Н-да… Будем надеяться, что я сегодня везунчик.

Но, однако, как всё, оказывается, легко и просто с этой палочкой! Десять минут возни и конфуза – и бесконечное счастье обеспечено! Ну и жизнь у фей – не жизнь, а это… малина в нафталине… апельсины в керосине… бананы в шоколаде, во! Как новая ведь получилась оська-то! Если выгонят из Школы, открою мастерскую по ремонту телег, и буду процветать.

– Вот это да!.. – раздался голос Лесли, приглушенный, но не потерявший от этого потрясенного восхищения, и между задними колесами просунулась физиономия крестника.

– А ты что думал! – снисходительно фыркнул его премудрие, чихнул от облачка поднявшейся пыли,[21] чувствительно шмякнувшись затылком о край телеги, и аккуратно полез назад. – Настоящая магия даже из рыдвана может сделать конфетку!

– А… надежно ли получилось, крестный? – осторожно полюбопытствовал Лес, выползая таким же манером на Свет Белый.

– Запрягай, поехали, – сурово сдвинув брови, посоветовал Агафон в ответ на неслыханное сомнение в его возможностях, и святотатец, устыдившись собственного маловерия, сконфуженно втянул голову в плечи.

– До Монплезира хватит.

Новой оси хватило ровно до околицы. Там, напротив крайнего дома, отремонтированная запчасть ценой в четыре коня вдруг хрупнула звонко, передок телеги резко просел, оставшееся не у дел колесо с облегчением повалилось в пыль, а за ним последовали путешественники.

Единственное, о чем жалел сейчас Агафон, так это о том, что в курс молодой феи не входил такой предмет, как сохранение вида «всё-идет-по-плану-и-так-и-должно-быть» при внезапном и публичном позоре на магическом поприще.[22]

– Кабуча!!! – выбило из него жесткое приземление в пыльную колею.

И словно вылетела пробка из бутылки: поток самых черных проклятий, на какие только был способен третьекурсник, обрушился горным водопадом на все оси телеги вместе взятые и по отдельности, а также на ее колеса, дышло, борта, днище и прочие подробности незамысловатой конструкции.

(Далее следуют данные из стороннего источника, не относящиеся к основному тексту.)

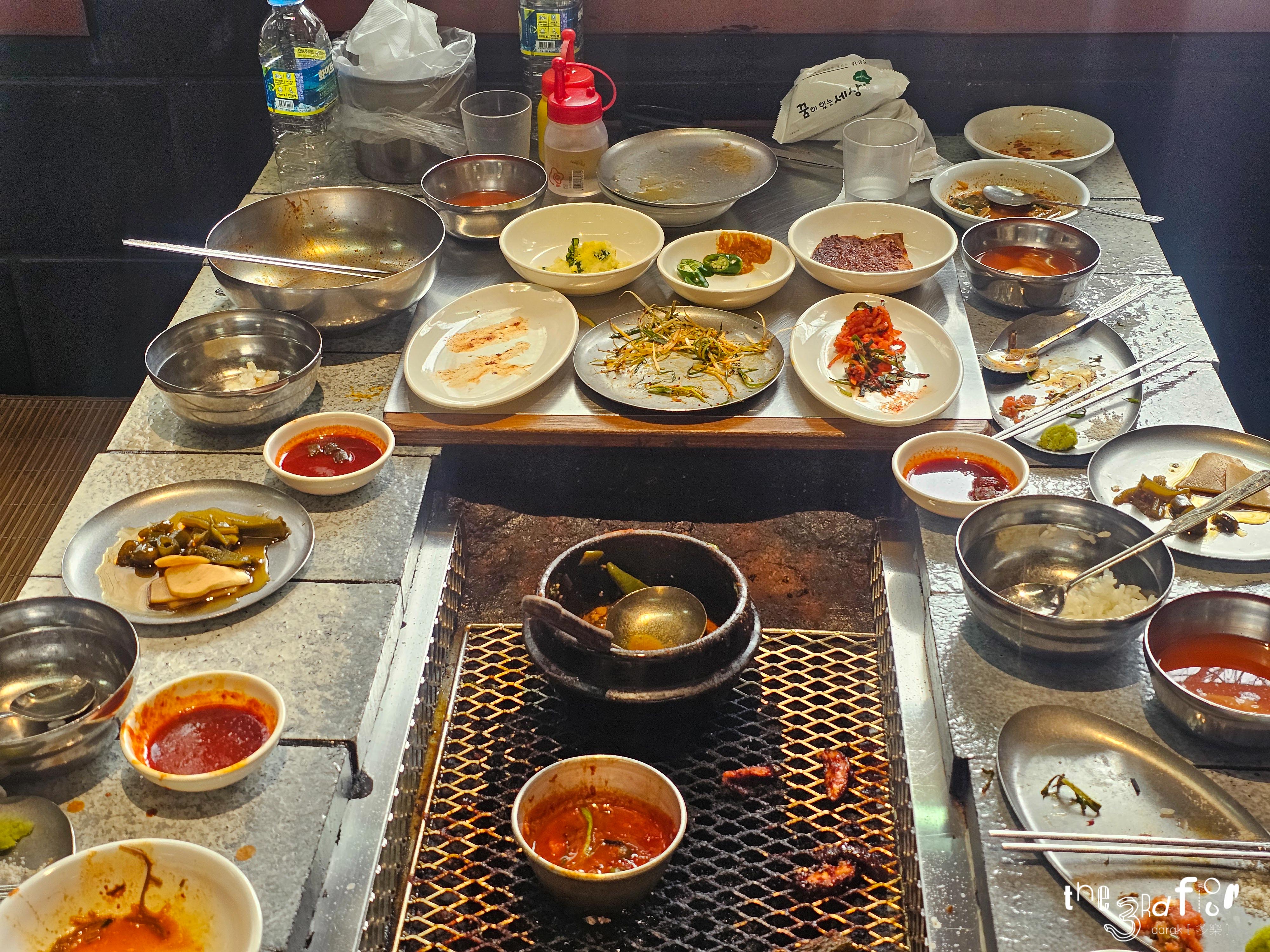 재래식 소금구이 1.5접시, 고초장 양념구이 아마도 2인분, 된장찌개와 냉면, 공기밥 정도를 시켰다.

Зато шмякнувшийся рядышком Лесли, похоже, лишился дара речи. Губы его то и дело начинали складывать какие-то слова, но стоило глазам остановиться на багровой физиономии фея, а ушам прислушаться к его филиппике, как вопросы и предложения ретировались с языка лесоруба обратно в глубины подсознания.

Закончив высказывать злосчастному транспортному средству всё, что думает про него, его комплектующие, его создателя, конструктора и предков – включая самую последнюю тачку и волокушу, его премудрие плюнул в пыль и решительно поднялся. Озираясь по сторонам – палочка наперевес, крылья расправлены, как у стрекозиного ангела возмездия – готовый то ли к срочному ремонту злополучного транспорта, то ли к устранению свидетелей, объявись таковые в жаркий рабочий полдень на окраине деревни, он отошел на полметра и плотоядно сощурился на подбитый передок. Подопечный его немедля вскочил и, на всякий случай, перешел на другую сторону улицы.

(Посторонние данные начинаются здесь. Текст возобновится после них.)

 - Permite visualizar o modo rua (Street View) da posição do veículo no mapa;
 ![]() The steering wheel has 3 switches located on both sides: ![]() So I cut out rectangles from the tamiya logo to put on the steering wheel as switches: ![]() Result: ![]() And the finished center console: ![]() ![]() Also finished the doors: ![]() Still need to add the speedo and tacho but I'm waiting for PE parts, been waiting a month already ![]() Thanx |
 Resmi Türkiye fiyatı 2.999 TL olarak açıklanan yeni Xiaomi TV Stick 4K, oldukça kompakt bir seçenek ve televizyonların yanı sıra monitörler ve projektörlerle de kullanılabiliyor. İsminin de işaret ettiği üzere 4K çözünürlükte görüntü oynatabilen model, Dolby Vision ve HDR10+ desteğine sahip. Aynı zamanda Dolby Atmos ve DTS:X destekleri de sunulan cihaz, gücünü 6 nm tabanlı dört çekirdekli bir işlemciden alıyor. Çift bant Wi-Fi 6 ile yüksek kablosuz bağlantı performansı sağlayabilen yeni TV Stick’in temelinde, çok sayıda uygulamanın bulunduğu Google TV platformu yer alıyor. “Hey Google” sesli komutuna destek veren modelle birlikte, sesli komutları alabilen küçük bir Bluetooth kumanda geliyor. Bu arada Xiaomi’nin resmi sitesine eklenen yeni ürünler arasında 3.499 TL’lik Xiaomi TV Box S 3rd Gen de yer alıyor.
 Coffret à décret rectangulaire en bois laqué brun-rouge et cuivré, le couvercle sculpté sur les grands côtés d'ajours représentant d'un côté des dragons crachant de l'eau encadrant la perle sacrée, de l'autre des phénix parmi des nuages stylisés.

– А, может, крестный, ну ее, эту телегу? – отойдя на безопасное с его точки зрения расстояние, решил высказать умиротворяющее рацпредложение он. – Некоторые у нас и пешком в столицу ходят. Не так уж тут и далеко. Подумаешь, чуть-чуть опоздаем…

– Опоздаем?! – буквально взвился Агафон, и солнечные лучи брызнули, преломившись на яростно затрепыхавшихся крыльях. – Чуть-чуть?! Да ты соображаешь, что говоришь? Как мы можем опоздать…

И тут ворота за спиной Лесли глухо стукнули, скрипнули, и между массивными створками появилась узкая щель. В образовавшемся пространстве показалось плечо и каштановые волосы: невысокий человек отчаянно и не слишком плодотворно упирался обеими руками и даже головой в край тяжелой створки, будто сражался с ураганным ветром. Дровосек обернулся на скрип и кряхтение, обрадованно заулыбался соседу и, позабыв про телегу и про крестного, кинулся на подмогу:

– Отойди, я сам открою!

– Кого там еще несет нелегкая? – студиозус торопливо спрятал палочку в карман.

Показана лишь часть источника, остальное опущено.